Investigation of RNA in Extracellular Vesicles

Abstract

Extracellular vesicles (EVs) are small membrane packages that are released by all cells. About a decade ago, it was found that EVs contain RNA, and it was proposed that EVs may transfer RNA between cells as a mechanism of intercellular communication. In this thesis, I used human cell culture systems to develop new methods assessing whether EVs and RNA are transferred between cells, and also extensively characterized the RNA in EVs. Using EVs isolated from human cells, I developed single EV imaging methods and used high throughput RNA sequencing (RNA-Seq) to profile EV RNA. Additionally, I developed a new technique based on enzymatic treatments with proteinase and then RNase to differentiate what extracellular RNA is inside vesicles from that which is outside.

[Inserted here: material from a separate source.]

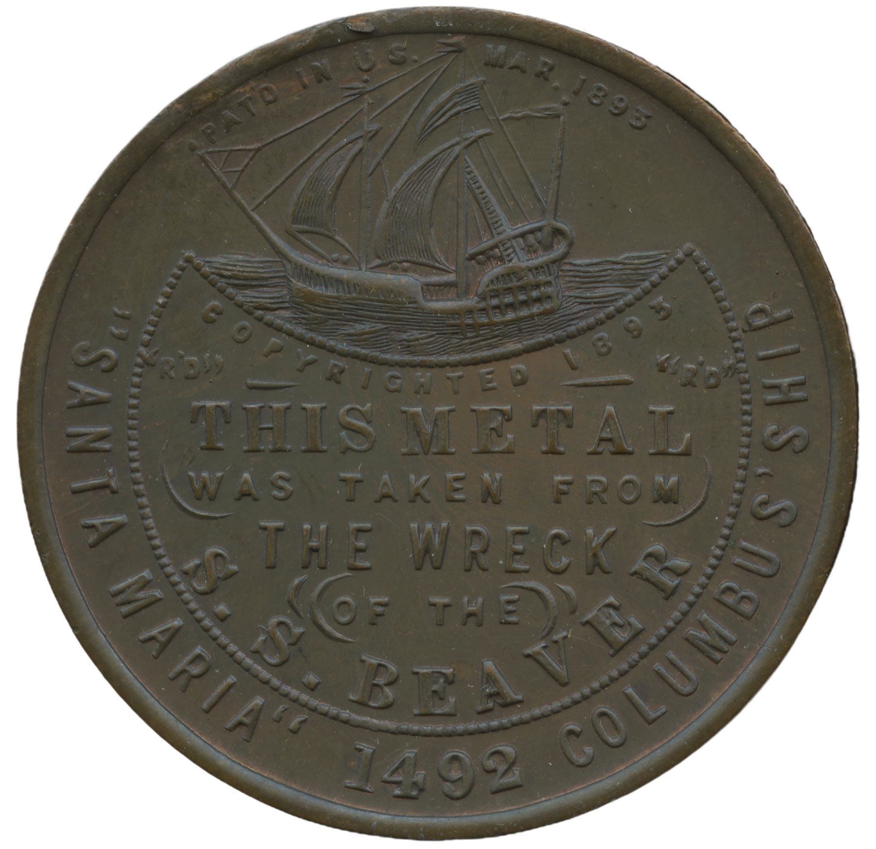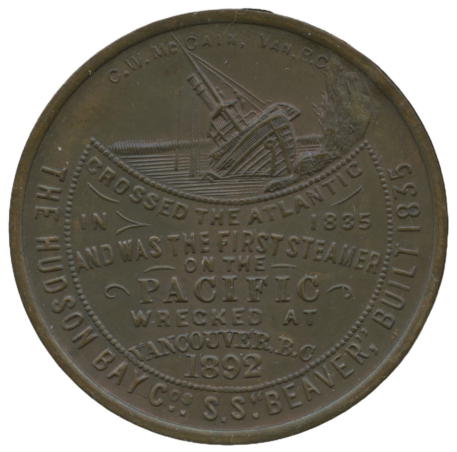 Charlton-6045-5. 35.5mm. 19.2g. 448 stamped on edge. Signed C.W. MCCAIN. The third issue in the S.S. Beaver series. Examples known in bronze, aluminum, and white metal. Both sides are slightly muted with blue and violet patina. Traces of red around the devices. From the Michael Joffre Collection of Canadian Historical Medals.

Applying this technique, I performed RNA-Seq on RNA isolated from EVs in cell culture media and I found that the mRNA profile in EVs is highly correlated to that mRNA profile of the donor cells. This finding suggests that mRNA is generally packaged into EVs in a non-specific manner, and has significant implications for using EVs to non-invasively read out the transcriptome of human cells from biological fluids. Towards that end, I describe methods for isolating cell-type specific EV, using EVs from neurons as a proof of principle. My work highlights the potential of EVs for diagnostics, but also casts doubt on the notion that EVs are used to physiologically transfer RNA between cells.